Configuration Interaction (CI) expands the wavefunction as a linear combination of Slater determinants (electron configurations), allowing systematic recovery of electron correlation. CIS (Configuration Interaction Singles) captures single excitations and models excited states; CISD and higher add double and triple excitations for ground-state correlation. The method is exact in the complete limit (FCI) but computationally expensive for larger systems.
Implement a CIS calculation manually for He or H₂; examine the relative weights of Slater determinants in the CI expansion; compare CIS excitation energies to experiment for small molecules; explain size consistency issues in truncated CI.
From molecular orbital theory, you know that solving the Schrödinger equation for a molecule yields a set of molecular orbitals, and electrons fill these orbitals to produce a ground-state electron configuration — typically represented as a single Slater determinant (an antisymmetrized product of one-electron wavefunctions). From perturbation theory, you know that approximate solutions can be systematically improved by adding corrections. Configuration Interaction (CI) combines both ideas: it improves the wavefunction by mixing in excited-state configurations, treating the ground-state determinant as a starting point and building a better answer from a linear combination of many determinants.

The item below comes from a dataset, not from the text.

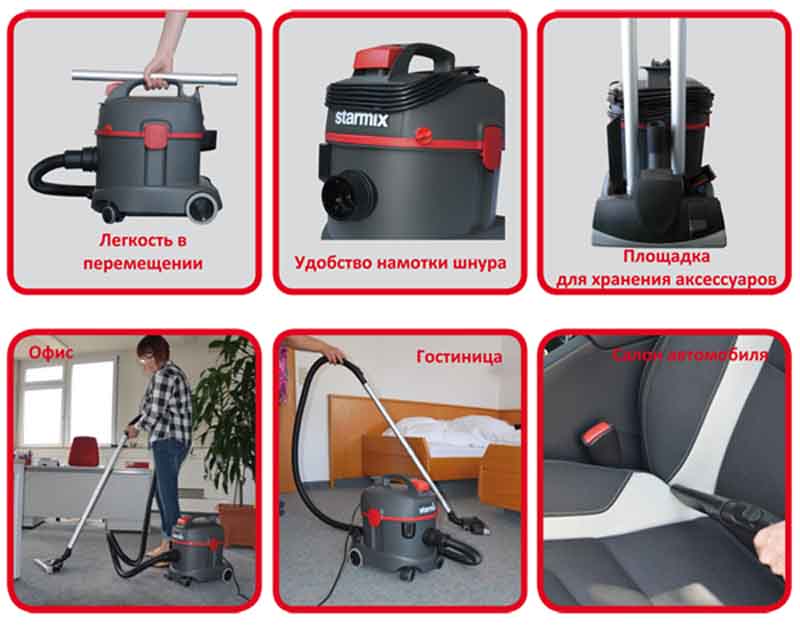 Практичные аксессуары и возможность их крепления на корпусе, небольшой вес позволяют при необходимости легко переносить пылесос Starmix TS 714 RTS HEPA со всеми аксессуарами одной рукой. Большая кнопка (можно включать ногой). Повышенная шумоизоляция, высокая устойчивость, в т. ч. при перемещении через пороги и другие препятствия. 3-слойный флисовый фильтр-корзина.
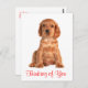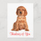 Quem pode resistir à cara doce de um cachorrinho? Este cartão-postal divertido apresenta um ouro Cocker Spaniel sentado sobre um fundo branco. Este filhote está pronto para ajudá-lo a enviar saudações de Pensar em Você para sua família e amigos. Cartões-postais doidos são um alternativo econômico para cumprimentar cartões quando você quer enviar uma nota rápida para que alguém saiba seu pensamento sobre eles.

The physical motivation is electron correlation. The Hartree-Fock method treats each electron as moving in the average field of all others, but real electrons actively avoid each other instant by instant. This correlated motion lowers the energy below the Hartree-Fock prediction. CI captures this effect by constructing excited configurations — determinants where one or more electrons have been promoted from occupied to virtual (unoccupied) orbitals — and mixing them with the ground-state determinant. The wavefunction becomes Ψ = c₀Φ₀ + c₁Φ₁ + c₂Φ₂ + ..., where each Φ is a different electron configuration and the coefficients c are determined by minimizing the energy. The more configurations you include, the more correlation you recover.
In practice, CI is organized by excitation level. CIS (singles only) promotes one electron at a time and is primarily used for excited-state calculations — it does not improve the ground-state energy because of Brillouin's theorem. CISD (singles and doubles) adds double excitations and captures most of the ground-state correlation energy. CISDT, CISDTQ, and so on include ever-higher excitations. Full CI (FCI) — including all possible excitations within the basis set — gives the exact answer for that basis, but the number of determinants grows factorially with system size, making FCI feasible only for the smallest molecules.
A critical limitation of truncated CI is the size-consistency problem. If you calculate two non-interacting hydrogen molecules separately with CISD and then calculate the combined four-electron system with CISD, the energies do not add up correctly. This happens because doubles for the combined system include some excitations that are quadruples relative to the individual molecules — excitations that CISD excludes. This error grows with system size, making truncated CI less reliable for large molecules. Methods like coupled-cluster theory were developed partly to fix this problem while retaining the systematic improvability that makes CI conceptually appealing.